I was running without your followup patches (must have used the wrong 
bits from my git stash), so those results are bogus, but in a good way.

After fixing that goof, I'm seeing consistent improvements with your set 
of 4 patches and the fix for the wrong return code.  Across the suite, 
~140M fewer branches, not huge, but definitely not in the noise.

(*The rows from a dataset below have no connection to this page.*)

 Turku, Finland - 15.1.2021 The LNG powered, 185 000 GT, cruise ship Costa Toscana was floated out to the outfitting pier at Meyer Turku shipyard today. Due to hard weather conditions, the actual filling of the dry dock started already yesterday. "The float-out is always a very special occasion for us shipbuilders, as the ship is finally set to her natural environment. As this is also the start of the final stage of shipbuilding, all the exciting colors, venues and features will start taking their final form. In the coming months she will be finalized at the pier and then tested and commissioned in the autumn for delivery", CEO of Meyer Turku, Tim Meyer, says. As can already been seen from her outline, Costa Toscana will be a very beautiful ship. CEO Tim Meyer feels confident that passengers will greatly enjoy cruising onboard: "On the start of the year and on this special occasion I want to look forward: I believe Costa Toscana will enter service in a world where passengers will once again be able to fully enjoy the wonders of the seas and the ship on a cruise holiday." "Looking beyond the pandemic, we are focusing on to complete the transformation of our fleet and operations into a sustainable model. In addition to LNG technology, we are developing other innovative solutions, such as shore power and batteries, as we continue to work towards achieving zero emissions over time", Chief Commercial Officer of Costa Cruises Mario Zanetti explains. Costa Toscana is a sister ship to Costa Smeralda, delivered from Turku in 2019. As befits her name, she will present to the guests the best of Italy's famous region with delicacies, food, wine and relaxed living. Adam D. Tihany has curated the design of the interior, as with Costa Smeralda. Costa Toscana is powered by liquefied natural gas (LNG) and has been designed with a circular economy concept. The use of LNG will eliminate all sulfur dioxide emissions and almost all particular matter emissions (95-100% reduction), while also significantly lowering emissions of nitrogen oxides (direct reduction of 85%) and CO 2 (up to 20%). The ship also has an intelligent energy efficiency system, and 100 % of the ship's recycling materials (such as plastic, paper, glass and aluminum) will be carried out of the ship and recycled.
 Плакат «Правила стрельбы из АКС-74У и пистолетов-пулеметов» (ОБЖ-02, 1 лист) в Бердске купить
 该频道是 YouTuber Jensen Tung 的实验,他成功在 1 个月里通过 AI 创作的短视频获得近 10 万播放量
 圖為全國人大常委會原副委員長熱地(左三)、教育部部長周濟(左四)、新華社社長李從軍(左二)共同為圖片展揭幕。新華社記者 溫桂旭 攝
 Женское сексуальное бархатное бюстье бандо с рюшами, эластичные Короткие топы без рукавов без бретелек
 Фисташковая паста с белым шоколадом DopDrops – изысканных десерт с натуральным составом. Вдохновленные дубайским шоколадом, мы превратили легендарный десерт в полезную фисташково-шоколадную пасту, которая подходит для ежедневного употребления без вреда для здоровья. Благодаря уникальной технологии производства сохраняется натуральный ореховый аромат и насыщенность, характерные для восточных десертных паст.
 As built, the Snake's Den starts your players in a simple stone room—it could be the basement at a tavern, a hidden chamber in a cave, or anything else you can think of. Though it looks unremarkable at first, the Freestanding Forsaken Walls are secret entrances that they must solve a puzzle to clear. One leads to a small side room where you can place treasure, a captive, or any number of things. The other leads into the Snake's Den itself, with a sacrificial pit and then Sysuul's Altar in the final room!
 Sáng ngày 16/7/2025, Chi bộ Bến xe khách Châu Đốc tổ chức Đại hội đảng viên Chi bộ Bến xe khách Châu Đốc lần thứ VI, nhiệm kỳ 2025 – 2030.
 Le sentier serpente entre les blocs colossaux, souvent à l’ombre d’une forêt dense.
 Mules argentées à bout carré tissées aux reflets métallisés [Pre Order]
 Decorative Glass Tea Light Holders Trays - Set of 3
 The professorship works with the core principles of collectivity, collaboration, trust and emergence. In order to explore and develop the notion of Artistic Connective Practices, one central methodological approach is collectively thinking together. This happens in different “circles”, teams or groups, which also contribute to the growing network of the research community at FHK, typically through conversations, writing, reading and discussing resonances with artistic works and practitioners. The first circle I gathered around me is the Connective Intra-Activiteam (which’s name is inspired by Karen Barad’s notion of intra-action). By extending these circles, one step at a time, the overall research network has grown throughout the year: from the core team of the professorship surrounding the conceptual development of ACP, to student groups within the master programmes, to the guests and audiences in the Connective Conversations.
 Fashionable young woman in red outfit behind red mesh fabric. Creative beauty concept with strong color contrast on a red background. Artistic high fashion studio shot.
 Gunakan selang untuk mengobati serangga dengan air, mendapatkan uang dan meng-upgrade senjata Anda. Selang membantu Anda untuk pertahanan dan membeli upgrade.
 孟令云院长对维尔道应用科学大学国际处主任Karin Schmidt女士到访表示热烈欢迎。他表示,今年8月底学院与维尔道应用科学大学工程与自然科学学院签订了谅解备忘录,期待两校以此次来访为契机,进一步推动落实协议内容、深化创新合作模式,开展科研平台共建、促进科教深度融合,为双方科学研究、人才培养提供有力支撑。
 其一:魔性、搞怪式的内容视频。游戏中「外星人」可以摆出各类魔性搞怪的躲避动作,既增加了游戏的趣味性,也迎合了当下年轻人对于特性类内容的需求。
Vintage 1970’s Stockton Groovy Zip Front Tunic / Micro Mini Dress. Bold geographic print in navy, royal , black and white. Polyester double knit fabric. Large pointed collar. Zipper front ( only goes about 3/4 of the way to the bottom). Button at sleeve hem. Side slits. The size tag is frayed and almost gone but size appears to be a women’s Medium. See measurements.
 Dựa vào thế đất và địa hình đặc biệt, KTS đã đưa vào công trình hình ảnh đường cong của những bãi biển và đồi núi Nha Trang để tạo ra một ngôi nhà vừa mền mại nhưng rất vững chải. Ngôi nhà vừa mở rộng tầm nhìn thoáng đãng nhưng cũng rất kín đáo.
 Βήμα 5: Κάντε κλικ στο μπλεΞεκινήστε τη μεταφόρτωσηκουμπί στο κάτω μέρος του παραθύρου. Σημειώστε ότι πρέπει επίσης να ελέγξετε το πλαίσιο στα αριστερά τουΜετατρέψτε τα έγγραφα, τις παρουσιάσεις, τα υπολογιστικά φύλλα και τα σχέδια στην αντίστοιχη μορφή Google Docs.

So, time to dig into the implementation :-)

Jeff

ps.  In case you're curious about the noise, it's primarily address hashing.
diff mbox

Patch

From b9b6155099d81b5ee6322e8bba2e3ba5d4f00b6e Mon Sep 17 00:00:00 2001
From: Sebastian Pop <sebpop@gmail.com>
Date: Sun, 23 Nov 2014 10:52:11 -0600
Subject: [PATCH 4/4] make copied region single entry and remove last condition
 stmt

---
 gcc/tree-cfg.c              |   2 +-
 gcc/tree-cfg.h              |   1 +
 gcc/tree-ssa-threadupdate.c | 151 +++++++++++++++++++++++++++++++++++++++++++-
 3 files changed, 151 insertions(+), 3 deletions(-)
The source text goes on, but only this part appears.